Essential Features of a Personal CRM Software
There are tons of personal CRM software out there. Some come packed with every feature under the sun, while others focus on just the tools you need to stay in touch with friends, family, colleagues, and professional contacts.
Let’s take a look at those CRM features you’ll need and actually use if you’re looking for personal CRM software.
Full contact profiles
Since Personal CRMs are all about people, the ideal personal CRM should let you store and manage contacts’ information in one place. That means their contact details, notes, past conversations, any pending follow-ups, emails, call logs, and anything else you might need to remember.

Stay in touch reminders
Along with a contact profile, a personal CRM software should let you set up a specific next step for each person. That next step, or Next Action, is what you intend to do next with that person and when.

More importantly, your personal CRM should give you reminders to carry out those next steps.
This usually means automatically organizing and color-coding your people in order of urgency. Those who need your attention first show up at the top, while the less urgent ones come after.
And to help you remain in touch, it should always prompt you to schedule another follow-up once you complete one.
Notes and interaction history
A personal CRM should log every interaction you’ve had with connections. It should also allow you to record important details your friend mentioned or what you discussed with a potential customer.

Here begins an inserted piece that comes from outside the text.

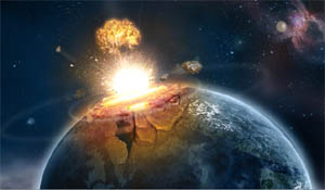End of world as we know it APocalyptic thought has a tradition that dates to the Persian prophet Zoroaster in the 14th century BC. Recently, anxiety has grown over the prediction of the end of the world in the Mayan calendar. It’s true that the Mayan odometer will hit zeros on December 21, 2012, as it reaches the end of a 394-year cycle called a baktun. But this baktun is part of a larger 8,000-year cycle called a pictun, and there’s no evidence that anything astronomically untoward will happen as the current baktun slides into the next. However, that hasn’t stopped the feverish speculating that sells books and cinema tickets. What kind of catastrophe would it take to end the world? Astronomical intruders provide a potentially serious threat. Impacts can be caused by stray rubble from the Asteroid Belt and the rocky snowballs that travel in highly elliptical orbits in the comet cloud. There are many fewer large bits of debris than small bits, so the interval between large impacts is much longer than the interval between small impacts. That’s good news. Every century or so, a 10-meter meteor slams into the Earth with the force of a small nuclear device. Tunguska was the site of the last, in 1908, and it was pure luck that that meteor landed in the uninhabited wilderness of Siberia. Every few thousand years, the Earth can pass through unusually thick parts of the debris trail of comets, turning the familiar light show of a meteor shower into a deadly firestorm. Roughly every 100,000 years, a projectile hundreds of meters across unleashes power equal to the world’s nuclear arsenals. The result is devastation over an area the size of England, global tidal waves (if the impact is in the ocean), and enough dust flung into the atmosphere to dim the Sun and kill off vegetation. That could ruin your day. Then there’s the “Big One”. About every 100 million years, a rock the size of a small asteroid slams into the Earth, causing global earthquakes, kilometre-high tidal waves, and immediately killing all large land animals. Creatures in the sea soon follow, as trillions of tons of vapourised rock cause drastic cooling and the destruction of the food chain based on photosynthesis. There’s good evidence that this happened 65 million years ago and our tiny mammal ancestors were the beneficiaries as the giant lizards were extinguished. A hundred million years sounds like a safe buffer, but the next one could happen at any time. But you can take it off your worry list—astronomers have it covered. A network of ground-based telescopes scans the skies for bits of rogue rubble larger than a few hundred meters. That’s ample time to dust off the nuclear arsenals for an interception mission if we had to. Unfortunately, the Dr Strangelove approach creates lethal shrapnel travelling in the same direction as the original object; a smarter strategy is to send a spacecraft alongside it and gently “tug” it with gravity onto a slightly different trajectory. When massive stars exhaust their nuclear fuel, the result is a titanic explosion called a supernova. The dying star brightens to rival an entire galaxy and emits high-energy particles that can destroy the ozone layer of a planet like the Earth if it occurs within 30 light years. The demise of large North American mammals 41,000 years ago has been linked to a supernova, and several other mini-extinctions may be tied to the cataclysm of stellar death. A supernova is a small squib compared to a hypernova. In this dramatic and rare event, the violent collapse of a very massive star ejects jets of gas and high-energy particles at close to the speed of light, and for a few moments the star outshines the entire universe in gamma rays. If a hypernova went off within 1,000 light years, and the Earth was within the narrow cone of high-energy radiation, we’d experience an immediate global conflagration. It’s brutal luck if a hyper nova ever goes off with its beam aimed at us. On longer time scales, attention turns to the sheltering Sun. Our constant companion is midway through its conversion of hydrogen into helium. In about 5 billion years, its guttering flame will be extinguished. The Sun’s diffuse envelope will engulf the Earth and turn it into a lifeless cinder. This is death by stellar cremation. If that seems like a comfortably distant prospect, the biosphere will actually die much sooner. The Sun burns hot as it gets older, and in 500 million years a turbocharged version of global warming will turn the Earth into a global desert. That gives us plenty of time to find better real estate. Titan looks promising. It already has the nitrogen—just add oxygen and presto! Our second home. And those wild-eyed rocket scientists who want to save us from asteroids have a thrilling plan up their sleeves: deliberately bring an asteroid in close, and with each pass it will transfer a little energy to the Earth and nudge it further from the Sun. After a few million close calls we’ll have migrated to a more hospitable orbit. —By arrangement with
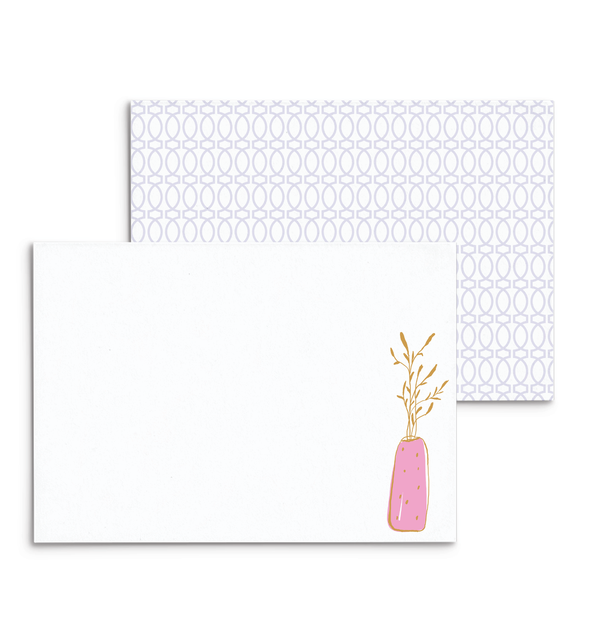 Plantly Panel Note Cards A2 - "Airy" - Natural Flax - Pink Vase

Contact relationship mapping
Personal CRM is all about social connections. Your contacts can relate to each other one way or the other. For instance, this person referred you to that person, this colleague used to work at the same company as that contact, this friend introduced you to that client, etc.
A personal CRM should let you define and visualize those connections. This way, when you’re reaching out to someone, you can say something along the lines of “Hey Sam, Tom’s told me a lot about how you work.”

Tagging and filtering
As your contact list grows, you’ll need to be able to segment it. Which is why your personal CRM should include tags and filters.
With Statuses, you can group contacts and create categories like clients, friends, former colleagues, people you met at ‘X’ event, warm leads, family, etc.
Once your relationships are grouped, you can use filters to pull up any group.

Instant contact capture
Adding someone new to your contacts should take seconds, not minutes. The best personal CRM software let you capture someone’s information directly from LinkedIn, a website, your email inbox, or even a business card—in just a few clicks.

Click-to-call
A good personal CRM should let you call your contacts directly from inside the app. Ideally, it should happen in just one click. It saves time and makes it easier to reach out in the moment, instead of putting it off.

Full email sync
To reduce the amount of work it takes to send emails back and forth with your connections, the best personal CRMs include full email sync.
With full email sync, you can send emails—to friends, family, potential customers, and more—without leaving your personal CRM. Every email these people send to you shows up inside the tool, and your full conversation is recorded as well.

Mobile app
Relationships happen everywhere, not just at your desk. You can network at networking events, over lunch, or on the way home from a meeting. That’s why the best personal CRM software have mobile apps.
With these mobile apps, you can add new people to your network, stay in touch, and build relationships from anywhere and at any time.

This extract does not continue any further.